That is correct! It is a bit more complicated than the plugging in strategy we used for this question, but it gives the same correct result 🙂

It might be stupid from me to write this, but why cant I add until 2^26 in example 2? if they have the same base (2)

Hi Ana,

There are no such things as stupid questions 🙂 When we have like bases that are multiplied together, we can add the exponents together. If this question were 2^20*2^6 (multiplied instead of added), we would get 20^26. However, since they are added together here, we can only factor like Chris did in the explanation. We cannot combine terms with like bases using addition! Exponent rules are difficult to keep straight! This blog post might be helpful for you: http://magoosh.com/gre/2011/gre-math-basics-%E2%80%93-exponents/

4^3+4^3+4^3+4^3 = 4^2(4^1+4^1+4^1+4^1)

=4^2(4+4+4+4)

=4^2(16)

Must be in this way right according to 2nd problem. Please can you explain its contradicting sorry for my ignorance.

Hi Deepan 😀

Your method is a valid way to come up with the correct answer, and it turns out that your final answer is another way of writing the correct answer choice 4^4. Let’s see how 🙂

First, if we multiply out your answer of 4^2*(16) and 4^4, we will see that they are equal to the same value:

* 4^2*(16) = 256

* 4^4 = 256

And we can rewrite your answer to match the choice 3. First, let’s rewrite the quantity 16 in your answer as 4^2.

4^2*

(16)= 4^2*4^2We are left with the product of two exponents with the same base. Applying the rules of exponents, we can combine these terms by adding the exponents together:

4^2*4^2 = 4^(2+2) = 4^4

As you can see, we arrive at Choice 3, the correct answer to this problem 🙂 I hope this clears up your doubts about the practice problem! 😀

I am extremely confused. for problem 3 your answer was e) 1…however when solving the formula you plugged in -1 which then forced you to turn it into a fraction. So how is the answer positive 1 if you plugged in -1?

Thank you for your time!

On problem #2, why does the outside exponent only effect the inner exponent and not the inner digit? I thought the outer exponent needed to be applied to all elements inside the parentheses. So (2^5)^4 would be (2^4)^20.

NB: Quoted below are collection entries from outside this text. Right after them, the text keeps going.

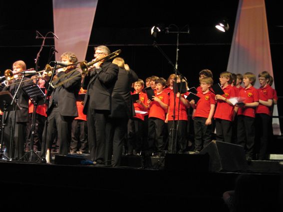 Knabenchor der Chorakademie Dortmund auf dem Moers Festival 2012 neben Musikern der Bohuslän Big Band aus Schweden; Foto: W.Cz.
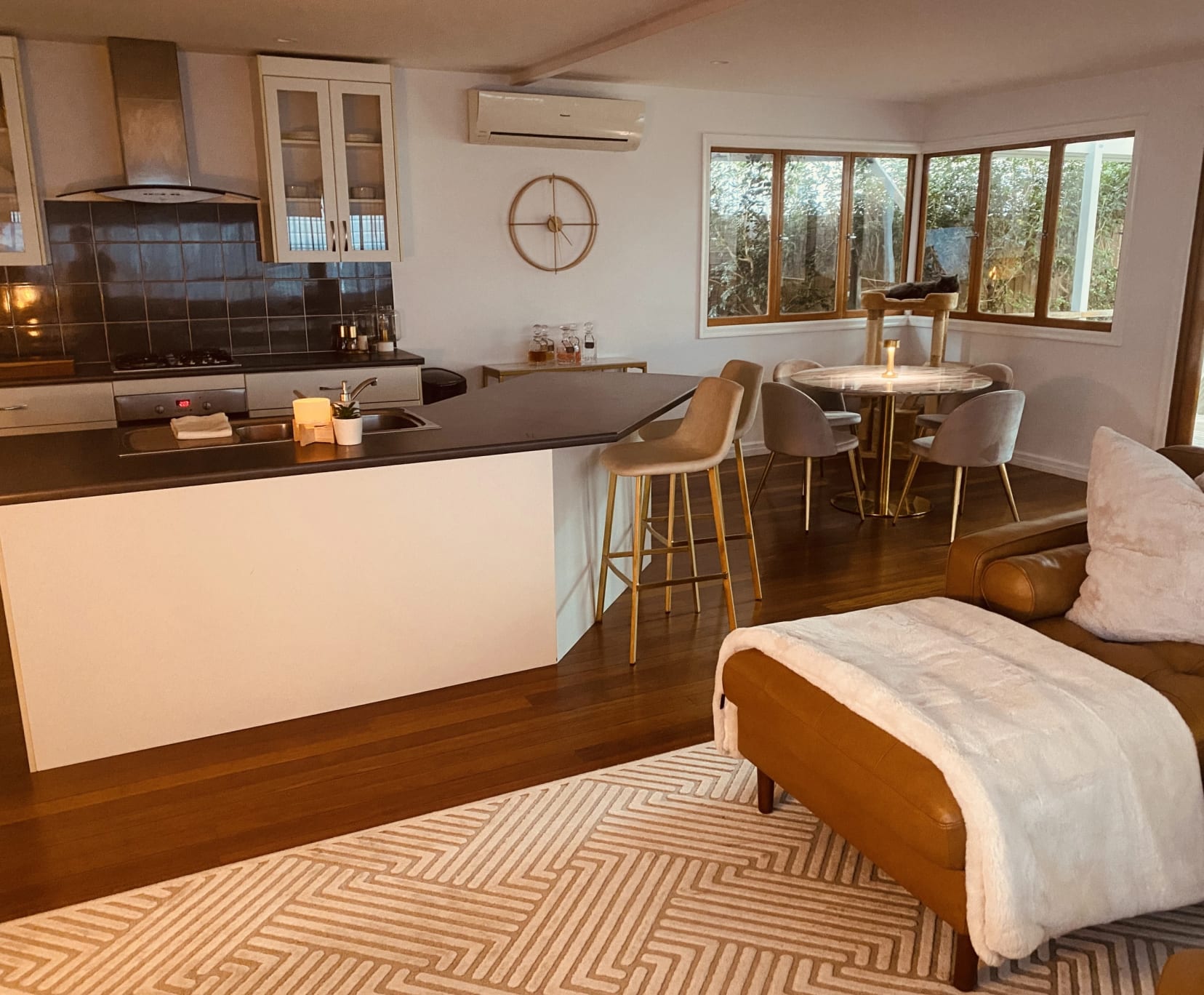 There is a large open plan living/dining/kitchen space opening up onto a huge deck, perfect for relaxing in the summer breeze. It’s got a great vibe. Big 4 burner Webber BBQ and plenty of room for entertaining.
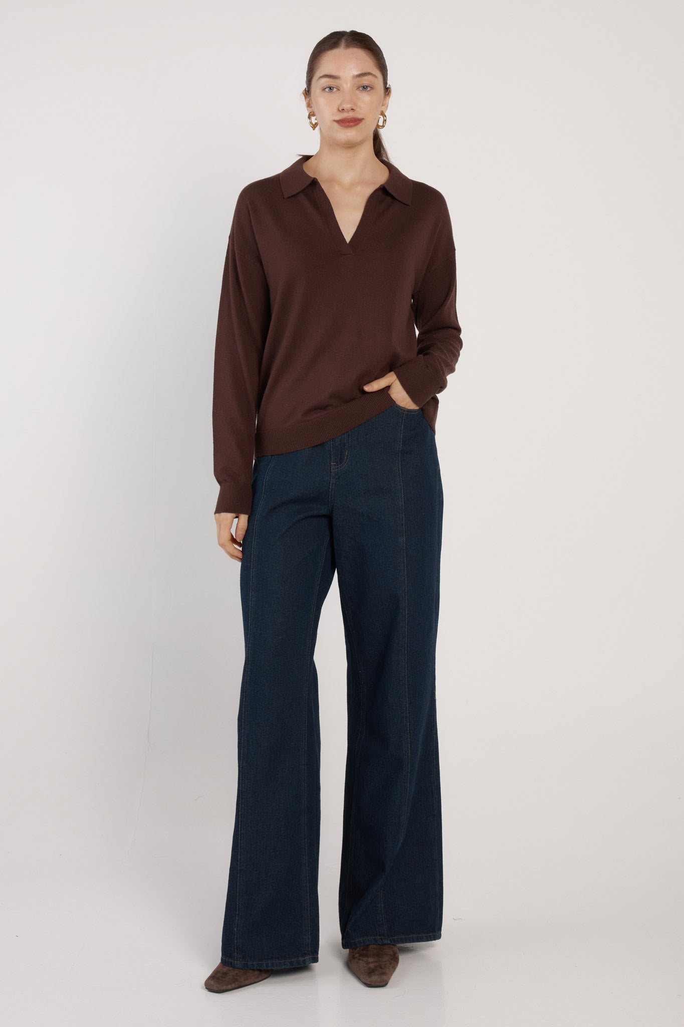 The Solenne Polo Knit refines everyday knitwear with understated polish. Its open collar and subtle V-front neckline create a clean, modern silhouette. Ribbed trims enhance its structured finish. A sophisticated trans-seasonal essential designed for effortless styling.
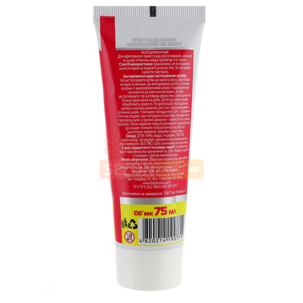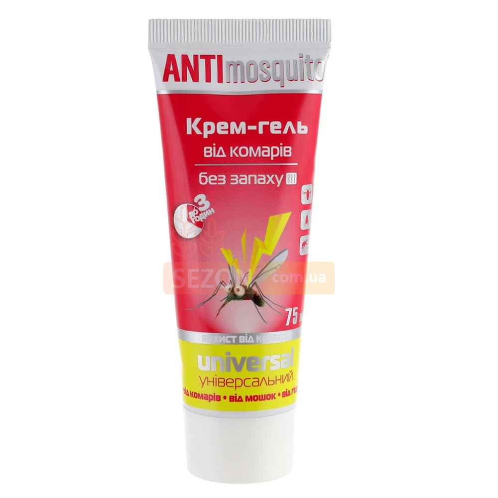 Крем-гель Anti mosquito — універсальний засіб для захисту від укусів комарів, москітів, мокреців і ґедзів. Він розроблений спеціально для використання на відкритому повітрі: у саду, на дачі, в лісі, під час риболовлі або прогулянок. Завдяки безпечній формулі без запаху препарат підходить як дорослим, так і дітям, забезпечуючи надійний захист до 3 годин.

That’s an interesting question!

First off,

(4 x 3)2 = 12(2) = 24. First, we did what was inside the parenthesis. However, were we to have first distributed the ‘2’, we would have gotten something different:

(2)(4) x (2)(3)

Notice that now we are multiplying 3×4 by 2×2, not just by 2.

When we have addition inside the parenthesis, say (4 + 3)2, then distribution works. This, however, is not the case with either multiplication or when you use exponents. Taking the original (2^5)^4, what we have is (2^5)(2^5)(2^5)(2^5). Each one of the parenthesis has five ‘2’s (I won’t write these all out :)). Therefore, there are a total of twenty 2’s. Or, in other words, I have four parenthesis (4) and five (5) 2’s in each parenthesis: 4 x 5.

I hope that makes sense 🙂

Hi,

Can anyone help me to understand this…

if N=2^64

N^N= 2^K …………… Find K=….?

Thanks,

Hi Varun,

Did you manage to find an answer to this question? I am stumped as well. 🙁

I got all three.

im so happy cos i used to be a total mathematics noob!!!……

Now i am getting better in maths and maths problem don’t look like latin anymore.

Its not easy but i am glad i am committing time and effort into this phase of my life.

Hopefully, i will make my dream school. If not, i am eternally grateful to you guys.

Just noting a typo (I think) in your current answer explanation.

“The next problem also asks you to add exponents, but first, you must multiply the exponents in parenthesis to the exponent outside the parenthesis, giving you: 2^20+26.”

I think it’s supposed to give you 2^20 + 2^26.

We can also solve the third sum as

1) 3^-x(1+1+1)=1

2) 3^x (3^1)=1

3) so 3^1-x=1

so for ans to be 1 it has to be 3^0 .

THEREFORE x=1 !!

Hi Nitish,

I’m not sure how you arrived at your first step. 3^(-3x). This doesn’t seem to match the original equation. Maybe I’m not seeing something 🙂

Oh i’m sorry i have made mistake in it …i didn’t notice it 🙂

Actually i have taken 3^-x as common as follows :

3^-x (1+1+1) taking common dis way

and den we will get 3^-x (3^1)

Now as the bases are same we can add their exponents as follows

3^-x+1

so now for the L.H.S=R.H.S we need to substitute x so that its answer comes as 1

So when x=1

it becomes 3^0 which is 1

Dats d answer 🙂

Hi Nitish,

It looks like 3^-x(3^1) is different from (3^-x)(3^1). So that way you can’t just keep the base and add the exponents. Check out RM’s solution below. Or, you can just plug in a value for x.

It’s always a good idea to start small; x=1 gets you to the answer right away. It’s fun using this method – and you are much less likely to make a mistake along the way :).

Hi Chris,

The 3rd question, I solved it this way, I found this easy.

3^-x + 3^-x + 3^-x = 1

3^(-x+1) = 3^0

Since, both the base are same, the exponents will be equal

-x+1 = 0

x= 1

Hi RM,

As they say, whatever works for you :). Being able to notice that 3^-1 equals 1/3 and you have three 1/3 or 3(1/3) though can make things go by really quickly. You don’t even have to write down a single step!

In the third question, I find solving the equation easier than doing trails:

3*3^(-x)=1

3^(1-x)=1

so 1-x=0 and hence

x=1

Solving it directly, if you are comfortable with exponents, definitely works too. There are a few extra steps though. I think noticing that each fraction equals 1/3 if x =1 is the quickest way. Again, there are multiple approaches to solving these problems. Find which way works for you is best.

1) 4^3 (4) = 4^4,

2) 2^20 + 2^6 = 2^6 (2^14+1),

3) tricky but 1 FTW